A new year, a new decade and a time to reflect, for me anyway. Looking back on 2009 fills me with sadness. I find it hard to believe that this world has been without my mum for almost 10 months! I still can’t believe that she’s not going to walk through the door or be at the end of the phone when it rings. Very sadly, I now contemplate that if mum was still here I would still be in my home town. It’s all thanks to her that we are here now, in a place that we adore. Oh but what I would give to have her back
I now have much more time for reflection. If I was still working, I’d have gone back to work yesterday. It was then that it really struck home what I’ve actually done! Having worked for more than 20 years it’s quite strange being unemployed. I feel guilty at getting up late. I still think that I only have a limited amount of time to get jobs done. Years and years of having a time limit dictated by the school term! I’m getting my need for children’s company satisfied by all the babysitting we’re doing. Robyn is of the age that I love most….just coming up to 3. Such fun, such curiosity and like a little sponge lapping up everything going on around her. I love how she’s trying to assert her independence all the time, challenging me to come up with different strategies which make her think she’s still in control. I love how keen she is to learn new things and how easily she does!
Lastly a couple of photos to give you an idea of how it looks around here, more later. Bear in mind that for the last 40+ years, I’ve lived in the Fens, renowned for it’s flatness….even a mole hill looked out of place! Now, I can look out of my window and see this…….bliss!

down our lane

Hi Nikki !
It’s so nice reading you again.
Thank you so much for your visit tonight
It makes me sad to think that 2009 was such a horrible year for you. For sure a year you would have wanted to avoid. Like Sadie said, making such a change in your life will do you very good, I think. Don’t ever feel guilty for staying up late. Live the life you’ve chosen, enjoy every second of it, and feel very happy about it !
About the school … even last year, U was going full day at school. Now he is in the last class of the equivalent (I think) of kindergarten. (I’m not even sure of what it is in the UK !) He’s 5 years & almost a half. P is now 7 & a half, and is in the 2nd year of (what I think to be the equivalent of) elementary school. So they are in two different schools, which proved to be a little bit tricky (but we’re doing good) for taking them / grabbing them, as they leave at the same time or so. Next year they should be in the same school, so only hubby OR I will take them to / grab them from school.
OK, I’ve written a novel, sorry
Have a lovely evening, dear Nikki. It’s nice to get it touch again xoxoxo hugs
No one should have gone through what you did last year, but to end the year the way you did is all power to you.
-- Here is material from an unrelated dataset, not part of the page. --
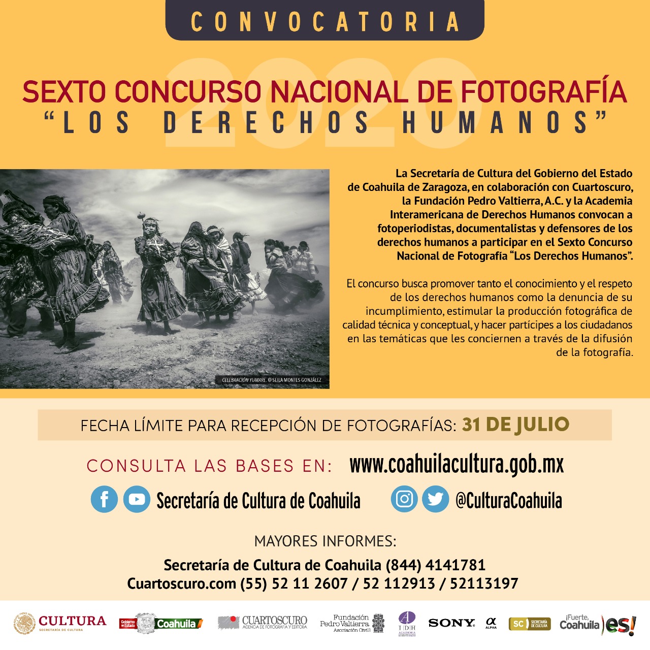 La Secretaría de Cultura del Estado (SC) informó que está cerca el cierre del Sexto Concurso de Fotografía de “Los Derechos Humanos”, que es organizado en coordinación con Cuartoscuro Fundación Pedro Valtierra AC y la Academia Interamericana de Derechos Humanos.

Love the views you have now..and wishing you all the best for the coming year.. bet the dogs are loving your new home
Luv n hugs Pixie xxx
Ciao Nikki! So glad you are blogging again!
Thanks for the visit! I am on my way to bed, but will pop by tomorrow. Hugs!
Hello Nikki, it’s so great to read you. 2009 has been such a sad year for you. I hope 2010 is going to be a very happy year for you.
I love your view, it’s so pretty. I guess it’s very cold in your area too. Did you get some snow?
You’re in my thoughts, hugs
Back, even if in a hurry. I am glad you are blogging again.
Sorry that last year has been a sad one for you, hope that the new year will be a fab one for you and Dave! 
Big hugs & sweet dreams!
Can’t wait to hear more about your “new” life.
Just leaving a pawprint! Happy weekend!
Im sorry to hear of your loss of your mum and it must be a hard thing to cope with.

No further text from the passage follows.